━━ COLLECTED DATA ━━

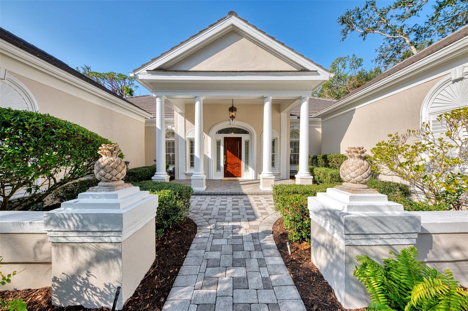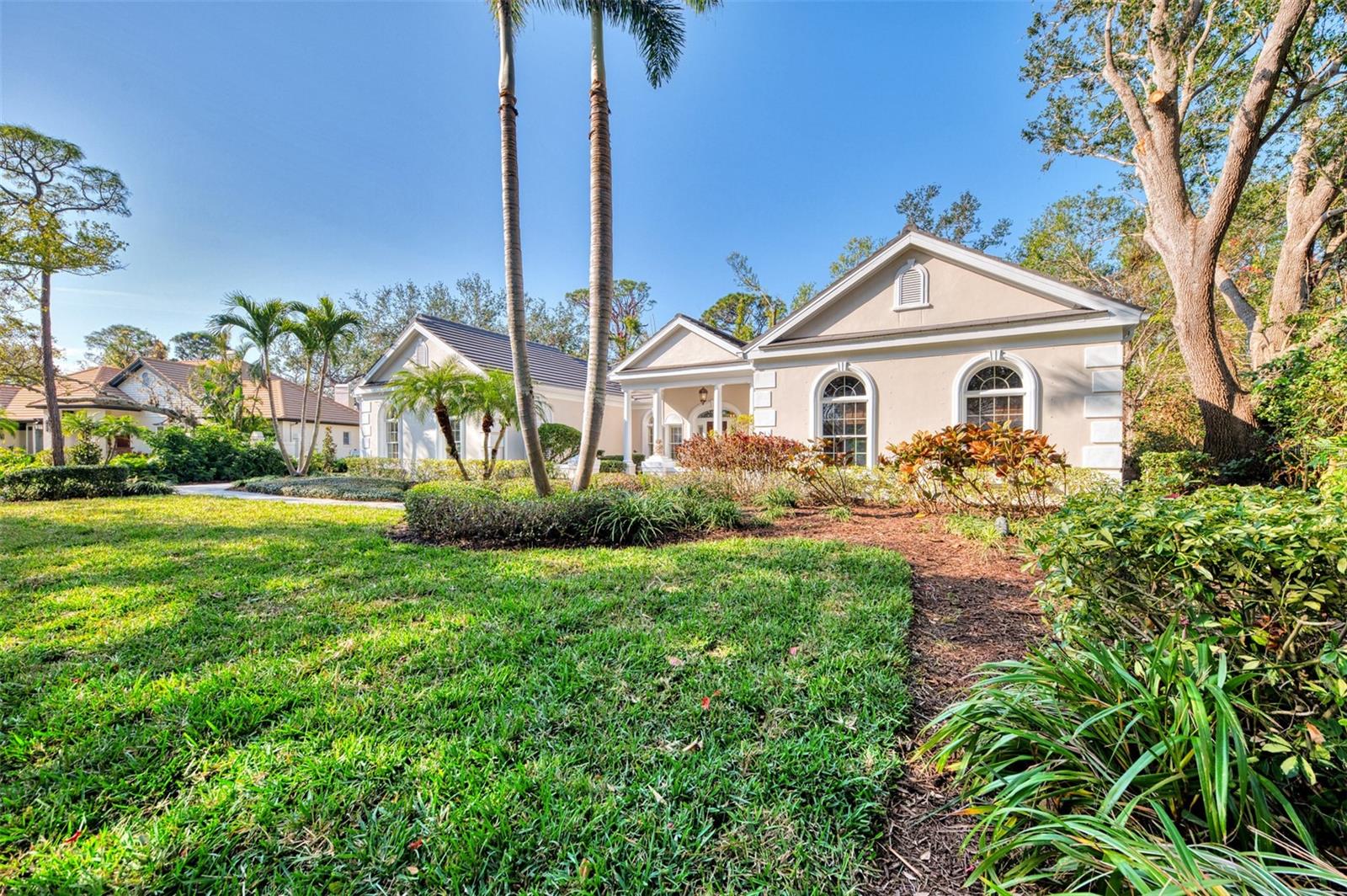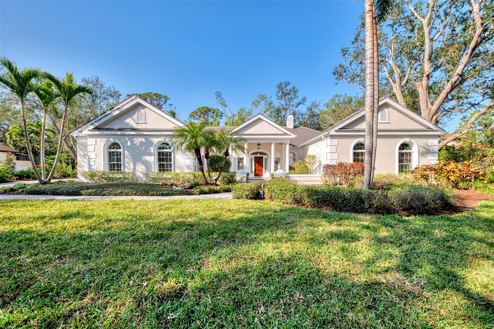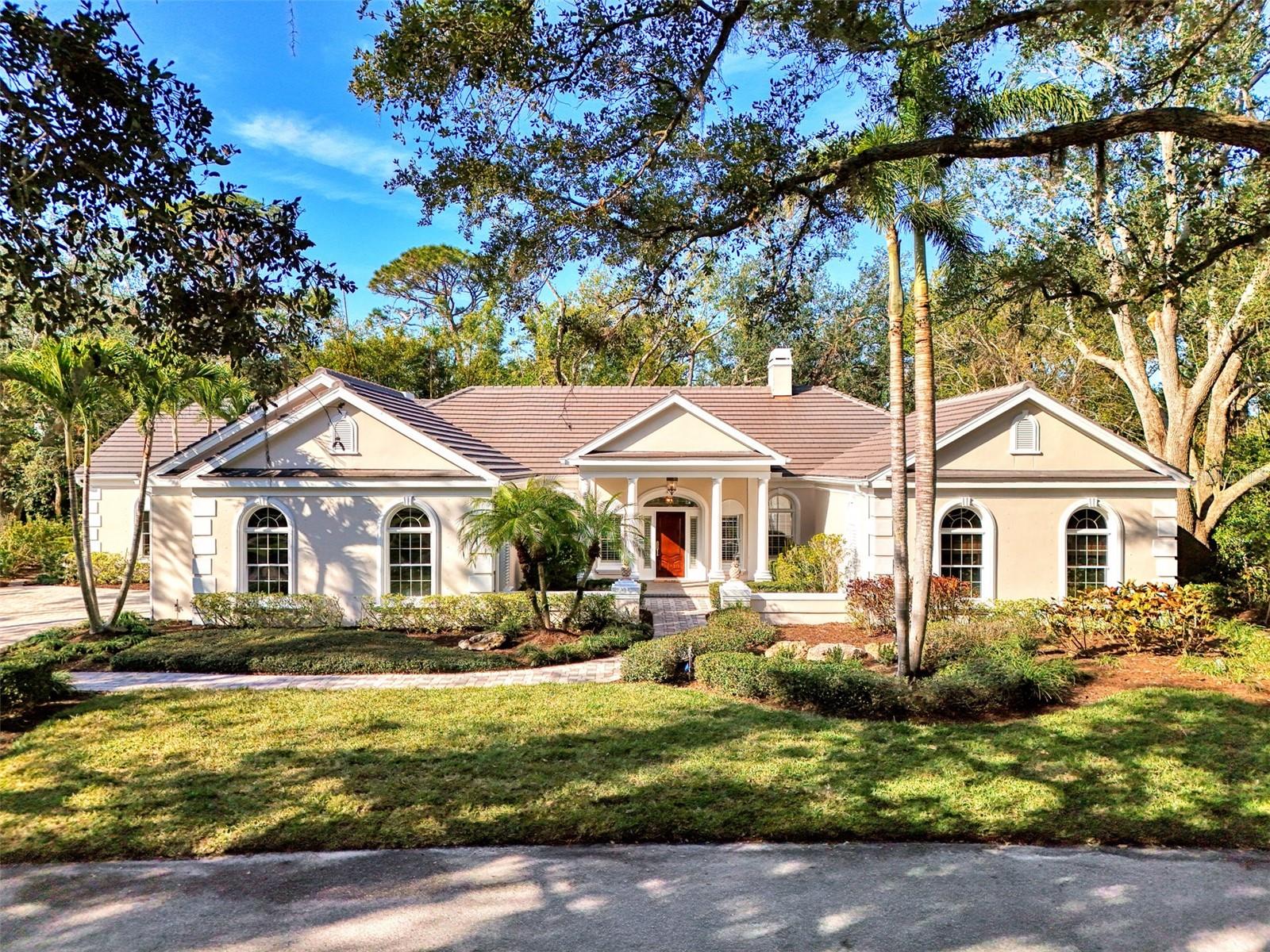 This is your rare chance to claim a spectacular estate in Sarasota's premier golf and country club community THE OAKS. This elegant home seamlessly blends timeless architecture with resort-style living. Beyond the private gates, step into over 4,000 square feet of refined interiors featuring dramatic ceilings, architectural columns, and panoramic views. The expansive layout includes 4 bedrooms, 5 bathrooms, formal and casual living spaces, and an executive Office/Den/Bourbon Tasting Room.The gourmet kitchen is perfectly equipped for culinary entertainment, with custom cabinetry, premium appliances, and a spacious island that flows into the family room. A luxurious owner's suite provides a private sanctuary with jetted bath, 3 walk-in closets, and direct access to the pool terrace.Outdoors, your personal retreat awaits: a heated pool and spa, covered dining and lounge areas, separate firepit area, and tropical landscaping. Membership to The Oaks Country Club is mandatory. You can decide on a Social Membership or a Full Golf Equity Membership. Details attached. Club amenities include: 36 holes of golf, tennis, pickleball, croquet, 3 dining options, fitness, community pool/spa. Situated minutes from world-class beaches, fine dining, and downtown Sarasota's cultural attractions. Make this your new home in Paradise!Crypto currency offers considered. Call for more information.
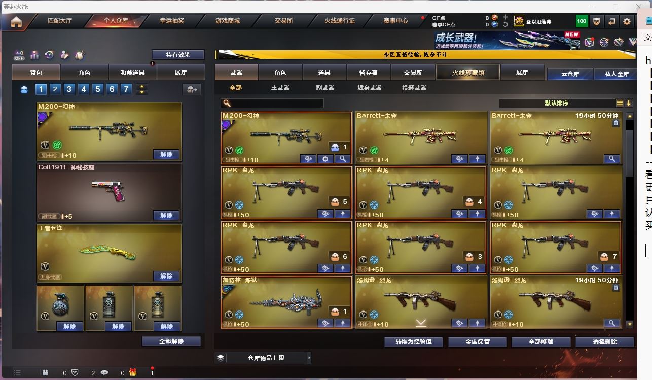 【亮点解析 幻神三件套 生化高配】【m200幻神+音效卡+巅峰荣耀】【6盘龙 炼狱 烈龙 】【传说辉光】【白虎电玩蓝兔】【qbz金色蔷薇】【hk417朱雀】【火麒麟+卡+冠军之心】【黑龙】【雷神+卡+荣耀之魄】【黑骑士+卡】【毁灭+卡】【极光】 【武器:王者之幻 王者冰魄 】 【手枪:修罗*3】 【8刀具:屠龙*2 龙啸 尼泊尔雷霆 麒麟刺堕天神 王者之击 王者玉锋】 【3雷套:雷霆*2 堕天神雷】 【小人枪:雷神精英刀锋 天龙曼陀罗 】 【音效卡:火麒麟音效卡 幻神音效卡 黑骑士音效卡 雷神音效卡 毁灭音效卡 】 【角色:樱 】;RPK-盘龙,QBZ03-金色蔷薇,M200-幻神,
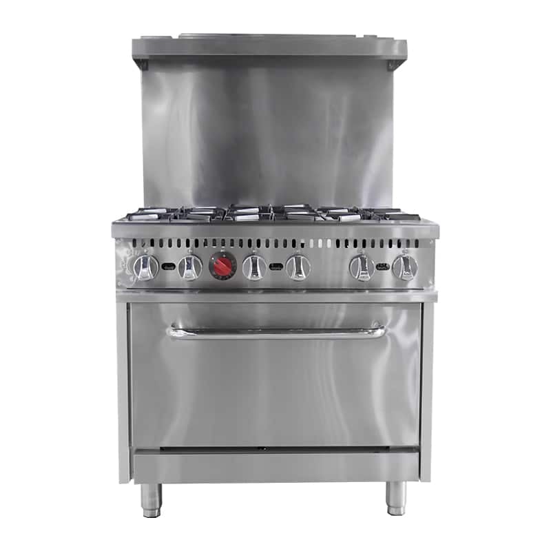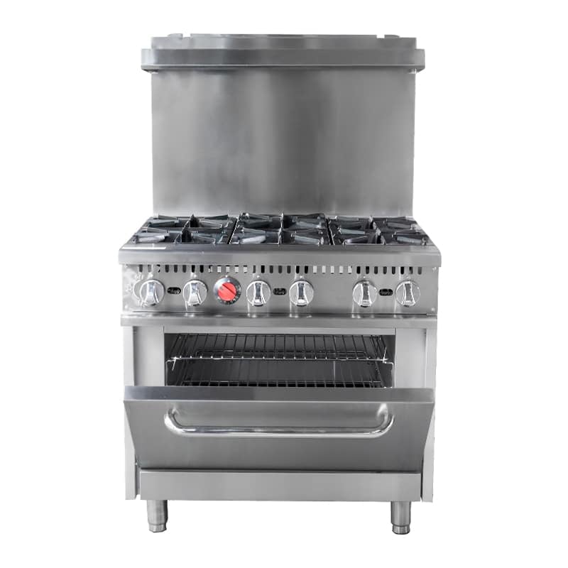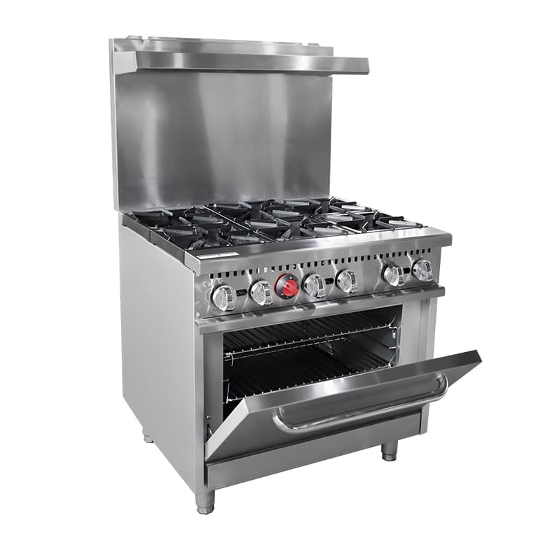 Delivering 210,000 BTU of power, this commercial gas kitchen equipment has six open burners and one oven with shelves for great kitchen space savings, and an oven thermostat that can be freely adjusted from 250°F-550°F.

━━━

(TASK TO CARRY OUT):
Reproduce each line above exactly, but not a single picture.

(OUTPUT OF THE TASK):
 This is your rare chance to claim a spectacular estate in Sarasota's premier golf and country club community THE OAKS. This elegant home seamlessly blends timeless architecture with resort-style living. Beyond the private gates, step into over 4,000 square feet of refined interiors featuring dramatic ceilings, architectural columns, and panoramic views. The expansive layout includes 4 bedrooms, 5 bathrooms, formal and casual living spaces, and an executive Office/Den/Bourbon Tasting Room.The gourmet kitchen is perfectly equipped for culinary entertainment, with custom cabinetry, premium appliances, and a spacious island that flows into the family room. A luxurious owner's suite provides a private sanctuary with jetted bath, 3 walk-in closets, and direct access to the pool terrace.Outdoors, your personal retreat awaits: a heated pool and spa, covered dining and lounge areas, separate firepit area, and tropical landscaping. Membership to The Oaks Country Club is mandatory. You can decide on a Social Membership or a Full Golf Equity Membership. Details attached. Club amenities include: 36 holes of golf, tennis, pickleball, croquet, 3 dining options, fitness, community pool/spa. Situated minutes from world-class beaches, fine dining, and downtown Sarasota's cultural attractions. Make this your new home in Paradise!Crypto currency offers considered. Call for more information.
 【亮点解析 幻神三件套 生化高配】【m200幻神+音效卡+巅峰荣耀】【6盘龙 炼狱 烈龙 】【传说辉光】【白虎电玩蓝兔】【qbz金色蔷薇】【hk417朱雀】【火麒麟+卡+冠军之心】【黑龙】【雷神+卡+荣耀之魄】【黑骑士+卡】【毁灭+卡】【极光】 【武器:王者之幻 王者冰魄 】 【手枪:修罗*3】 【8刀具:屠龙*2 龙啸 尼泊尔雷霆 麒麟刺堕天神 王者之击 王者玉锋】 【3雷套:雷霆*2 堕天神雷】 【小人枪:雷神精英刀锋 天龙曼陀罗 】 【音效卡:火麒麟音效卡 幻神音效卡 黑骑士音效卡 雷神音效卡 毁灭音效卡 】 【角色:樱 】;RPK-盘龙,QBZ03-金色蔷薇,M200-幻神,
 Delivering 210,000 BTU of power, this commercial gas kitchen equipment has six open burners and one oven with shelves for great kitchen space savings, and an oven thermostat that can be freely adjusted from 250°F-550°F.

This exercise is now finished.